Thanks for your request.
It's a book, maybe 30 percent finished now, I would guess we have about
200 pages now. Unfortunately the difficult parts macros, async and
parallel processing/threading are still missing.
Do you really think that translation to Japanese Language makes sense?
We had a discussion about a Chinese translation on the Nim forum
already about one year ago, and there was no clear view.
The fact is Nim is a tiny language still. I know that a few people read
my book, and like it. But only a few. Well the book was mentioned
recently at reddit with 50 upvotes, which is not bad. Unfortunately the
Nim core devs seems not to like the book too much, at least they have
not mentioned it somewhere on their home page. Well maybe they want to
sell the Manning book.
My current estimation is: When I finish the book, so that it has about
500 pages, and try to sell it I may be able to sell 50 pieces a year
for a period of maybe 4 years. Price would be 29 Euro per piece as
HTML/PDF. For early buyers, final price may be 39 or 49 Euro. This
would be for people from central Europe, USA, Canada, Japan. For people
in very poor or unfree countries like north Korea, China, Africa and
for children under 16 years old I would offer free download, which of
course other people may misuse. Of course a fully free book would have
some more readers, at least more downloads, but 29 Euro should be
really not too much as its help beginners to learn computer
programming.
So, for 50 readers a year for the English text, do you still think that
an Japanese edition would make sense at all? For China it is different,
they really have a lot young people without good English knowledge, so
indeed I could imagine for a Chinese version as much readers as for the
English one.
Translation is a lot of work. For english german google translate works
not bad, so I would do an automatic translation. Does that work as well
for Japanese language already?
Unfortunately I can not promise when I will finish the book, and if at
all. I spent only 400 hours for it til now, which is not that much (I
spent 1600 hours on the gintro bindings in the last 5 years totally).
But the current content is a direct flow from my head to the text, so
it was fast. Macros, threading, async would be much slower. And I am
still not sure if I should write about macros and async at all, as the
book is for beginners, and macros is advanced stuff.
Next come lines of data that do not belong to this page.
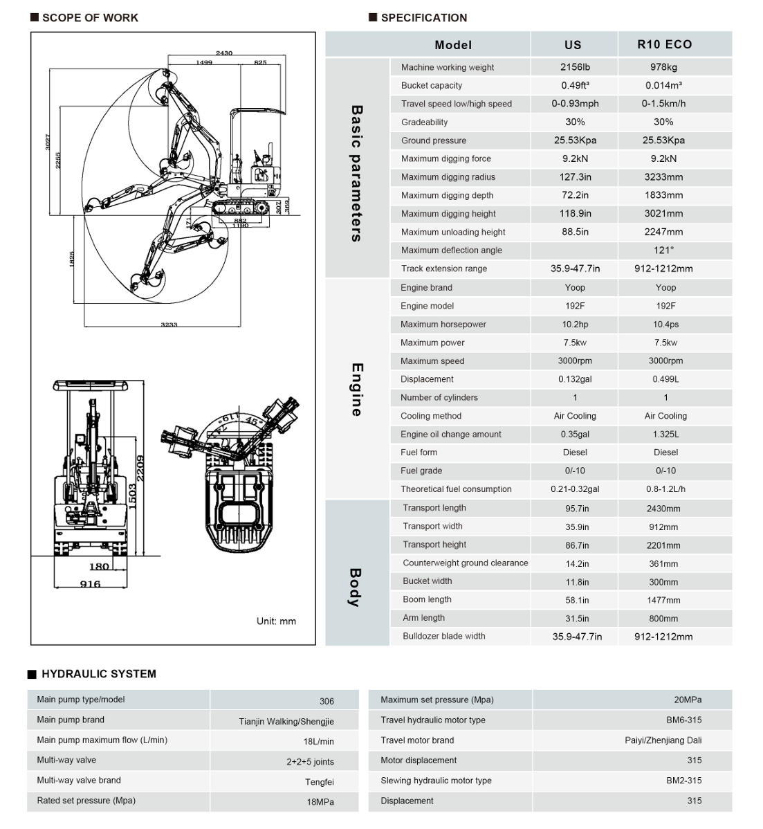All models come with a 30 cm toothed bucket without upgrades the R10 ECO has 1 cylinder Yoop engine, rigid arm and front control as standard. You can also choose from a variety of additional accessories, including buckets, grapples, and quick couplers.
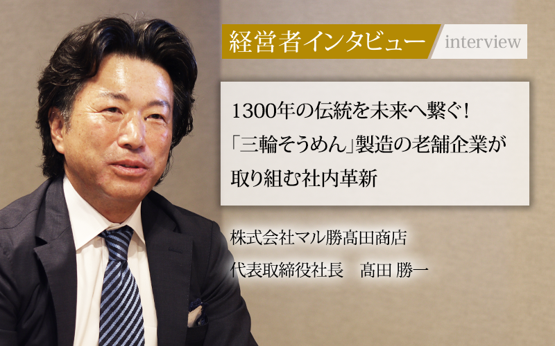 1933年の創業以来、この三輪そうめん一筋に製造・販売を続けてきた株式会社マル勝髙田商店は、「伝統とは守るだけでなく、挑み続けること」と考え、そうめんを未来へ継承し、持続させるためのさまざまな改革に取り組んでいる。今回は代表取締役社長の髙田勝一代氏から、同社が挑み続ける革新について話をうかがった。
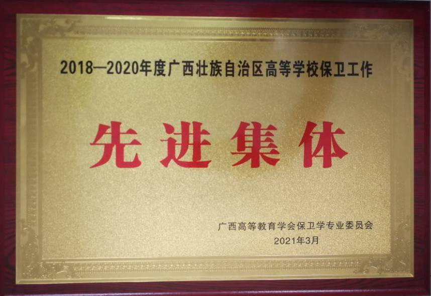 近日,从2021年广西高教保卫学会年会暨保卫学会换届大会上获悉,beat365官网武装部(保卫处)被评为“2018-2020年度广西壮族自治区高等学校保卫工作先进集体”,武装部(保卫处)部(处)长陈达兴和国防教育科科长曹荣强分别被评为“2018-2020年度广西壮族自治区高等学校保卫工作先进个人”。
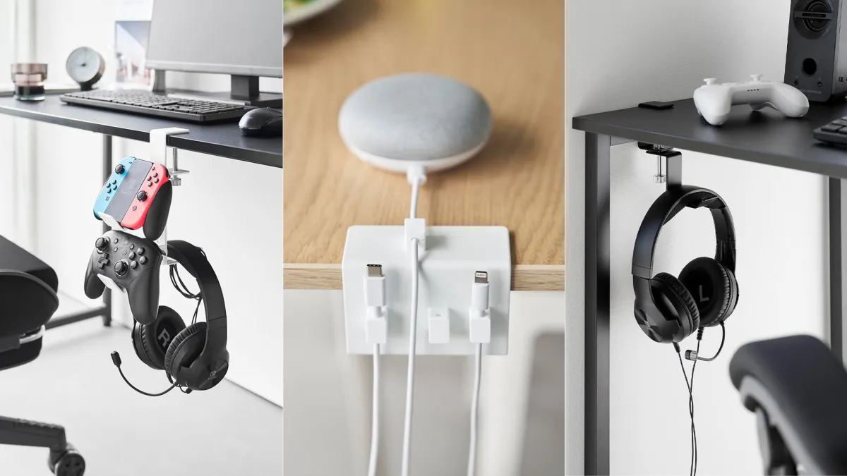 このラックはクランプ式でしっかりとデスクに固定でき、安定感は抜群。さらに、コントローラーのサイズに応じて高さ調節が可能で、収納物が安定して収まるよう設計されています。嬉しい滑り止めクッションが付いているため、収納物にキズがつく心配も不要です。また、マグネット内蔵のケーブルホルダーが付属しているため、ヘッドホンジャックや充電ケーブルもすっきりとまとめて収納できます。
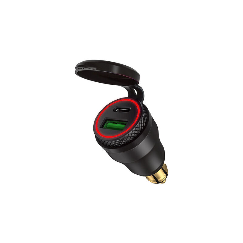 QC. Uscita USB 3.0 solo ricarica rapida per i modelli compatibile con il protocollo Qualcomm QC. Per i modelli non supporta il protocollo, si carica con velocità normale.Uscita 4. 15V/20V solo acgiovives quando l'ingresso è 24V. Specifica:Ingresso: DC 12V-24VUscita USB: DC 4.5V/5A, 5V/4.5A, 9V/3A, 12V/2,5A(max)Uscita di tipo C: DC 5V/3A, 9V/3A, 12V/2.5A, 15V/2A, 20V/1.5A(max)Materiale: AluminimCerchio luminoso a LED: blu/verde/rossoColore del prodotto: nero/rosso/blu/oroDimensioni: 58*28mmPeso: 32gCompatibile per moto 12V-24V con presa accendisigari di piccolo calibro. Ad esempio. Hella/ DIN/BMW
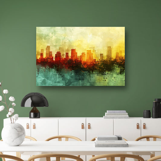Abstracte skyline met dynamische vormen en kleuren canvas
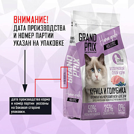 GRAND PRIX — корм для собак и кошек высшей категории качества. 50 % мясных ингредиентов в составе, из них 25 % свежего мяса курицы, полностью удовлетворяют потребности облигатных хищников в животном белке и аминокислотах. Источником энергии являются нут и картофель. Нут и картофель богаты различными минералами и витаминами, такими как марганец, лецитин, калий, селен, витамины А, В, С, бета-каротин, йод, железо.
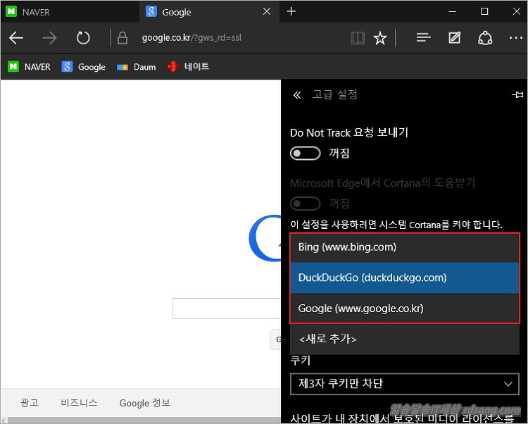 하여간 엣지에서 구글 홈피를 띄우거나 , 덕덕고 검색엔진을 웹사이트를 띄워 보세요
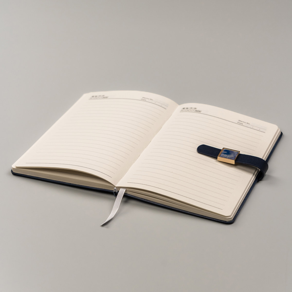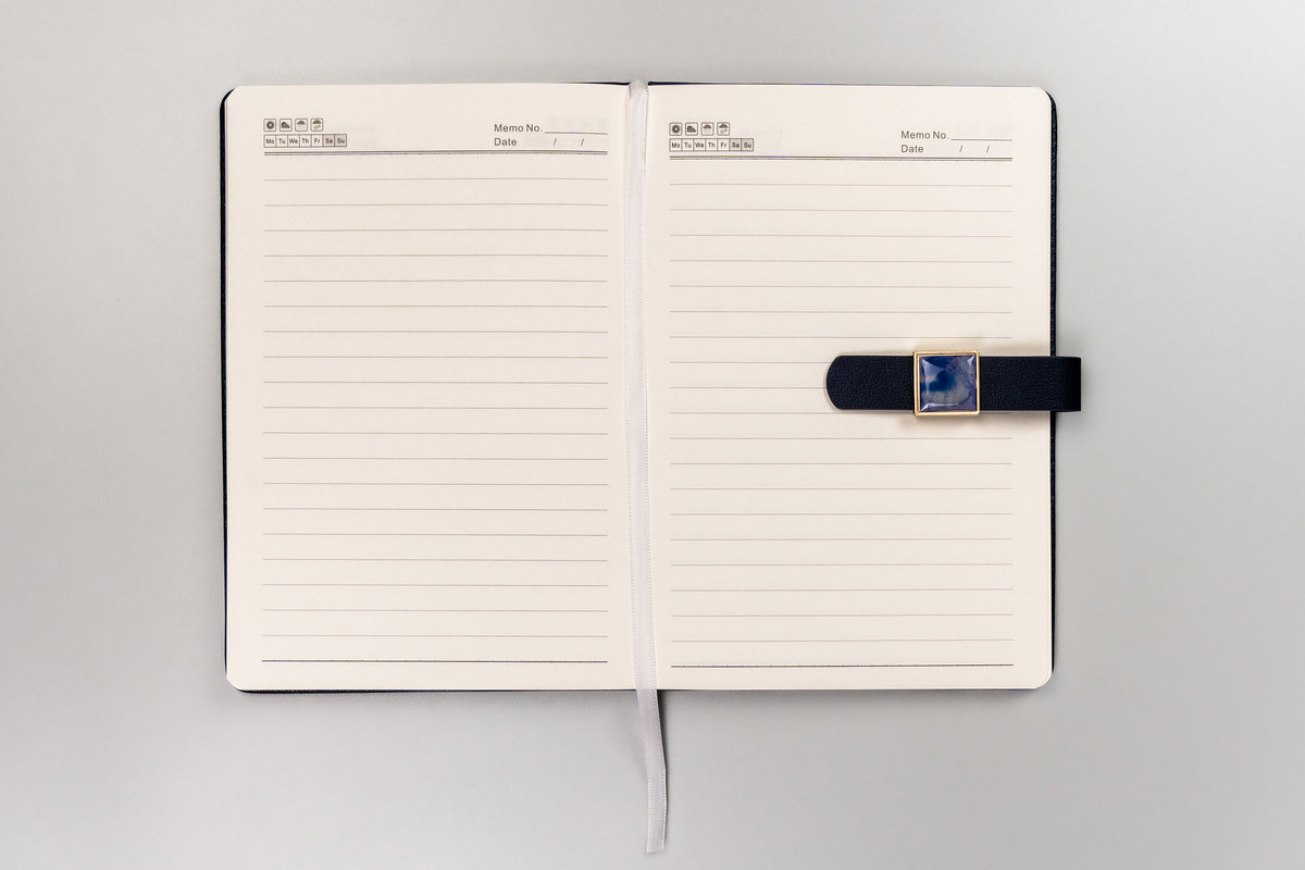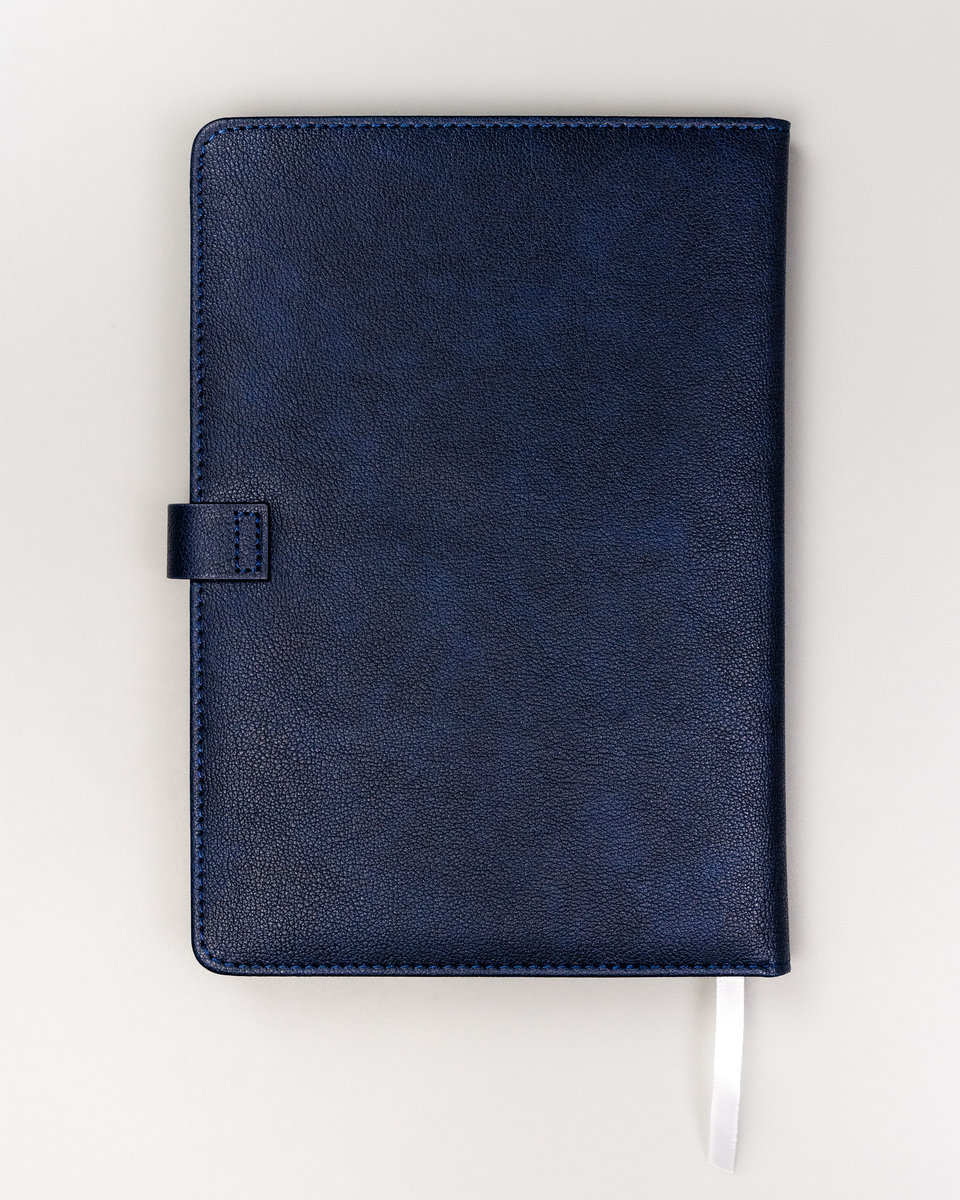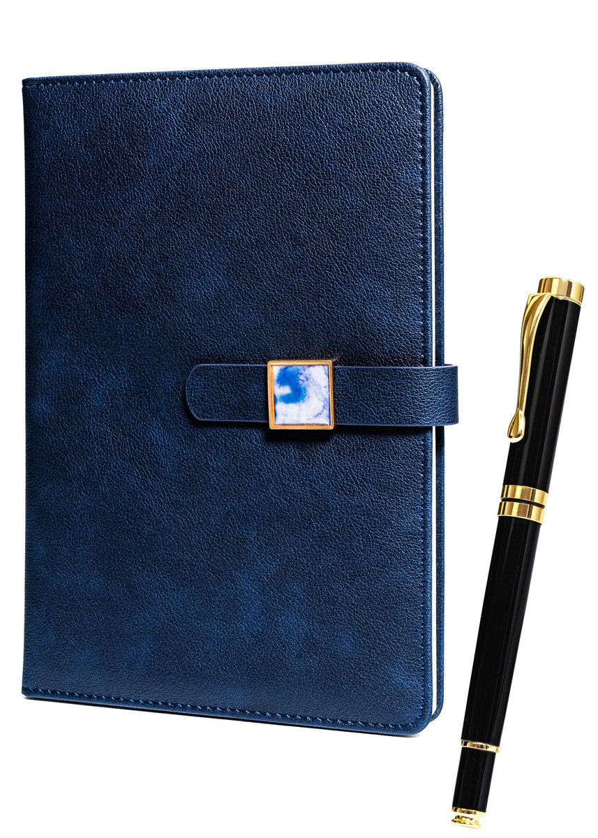 Granatowa okładka notesu wykonana została z materiału imitującego naturalną skórę, co nadaje mu ekskluzywny charakter i zapewnia trwałość. Uwagę przyciąga ozdobna klamra z magnetycznym zapięciem, wykończona złotą ramką i subtelnym, marmurkowym akcentem. Notes jest nie tylko piękny, ale też praktyczny – strony w linie pozwalają na przejrzyste prowadzenie notatek, a biała tasiemka pełni funkcję zakładki. Idealny wybór dla kobiet, które chcą mieć stylowy organizer zawsze pod ręką.
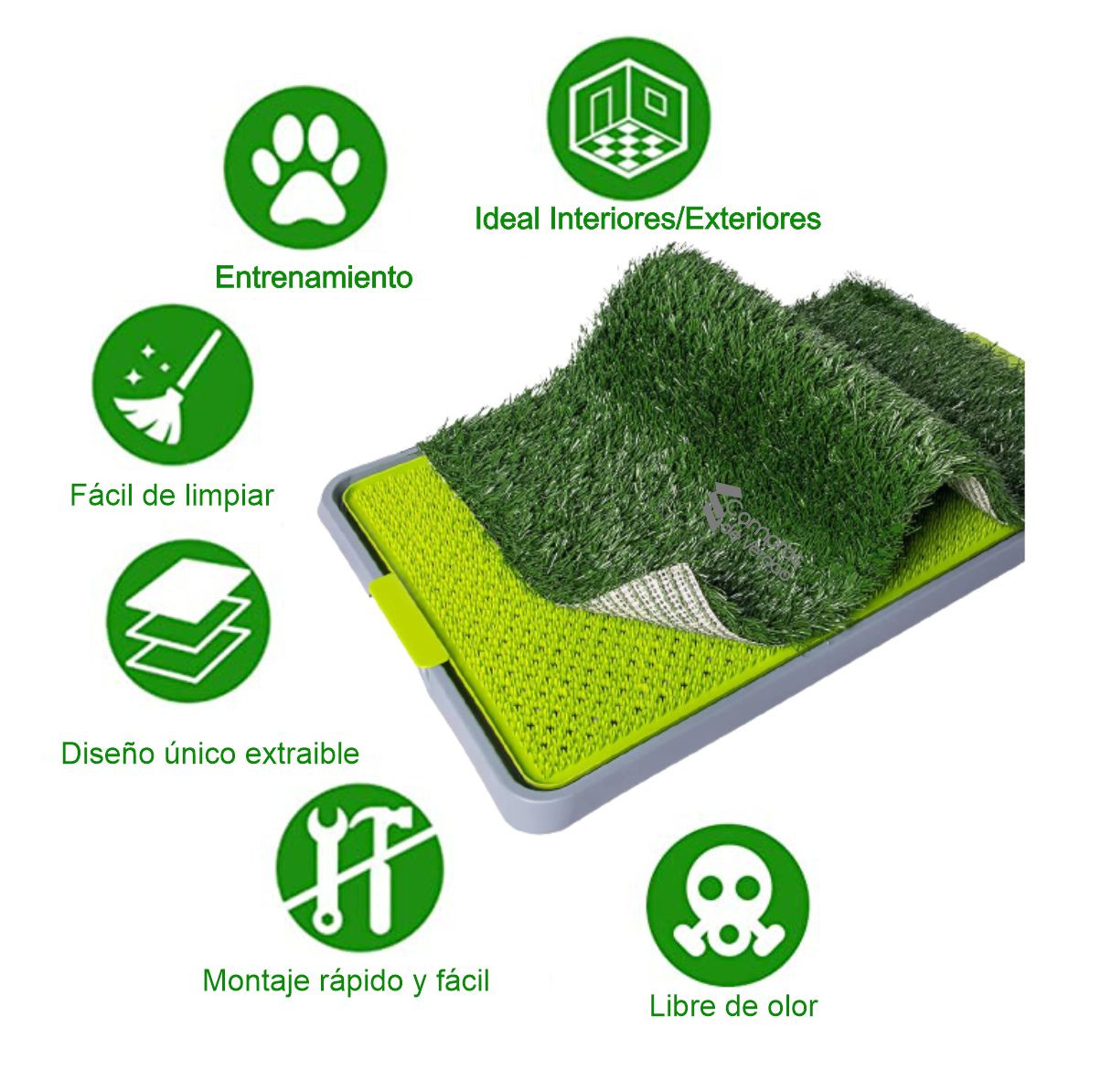 Se trata de una bandeja que se ve y se siente como césped y está impregnada con agentes antimicrobianos y un olor atrayente para que tu perro lo utilice.
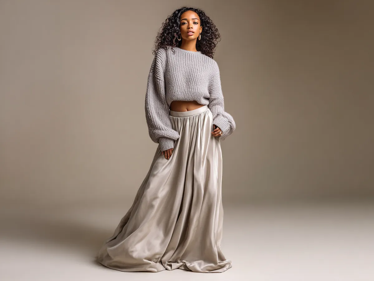 For those exploring new maxi skirt outfit ideas, texture contrast adds visual interest. A ribbed sweater paired with a satin skirt creates a play of matte and shine, while a mohair knit with a cotton skirt exudes rustic charm. Layering can also bring character—a long coat or a scarf amplifies coziness without overwhelming the shape.

So you should really think about your idea carefully, maybe ask your
friends, maybe ask at pages like reddit, maybe at the Nim forum. Note
that I am not sure if I will continue using the Nim Forum, the people
are really a bit too unfriendly sometimes, see
https://forum.nim-lang.org/t/7832
"Alternatively you can always phrase your posts in a more civilized
manner."
Generally my feeling is that currently some translation of the official
docs, as the tut1 and tut2 makes more sense and is much less work, and
the official docs are already in a more stable state, while my book is
still work in progress. For people with some computer science
background the official docs are fine.
But I have to admit that I don't know it. I started the book about one
year ago because we had in the last years some beginners without any
experience in computer programming, and they ask if they should learn
Nim as first language. A serious answer was no, better learn Python or
C first, as we have not too much learning resources. Some Nim devs said
yes, just start with Nim. But often then the beginners tried for a few
months, failed and vanished. My hope was to improve the beginner
experience with the book.
Final point: The young people seems to like videos today. We had
someone who made a collection of about 25 beginner videos, while he was
a beginner himself, I guess he has never written actual Nim software. I
tried to watch his videos for some minutes... But people seem to like
it? Videos are one reason why my expected selling rates for the book
are so low. And Nim homepage promotes the videos, they linked it.
The situation would drastically change when teachers would start
teaching Nim at school or as first language in first year at
university. But I don't think this will happen soon.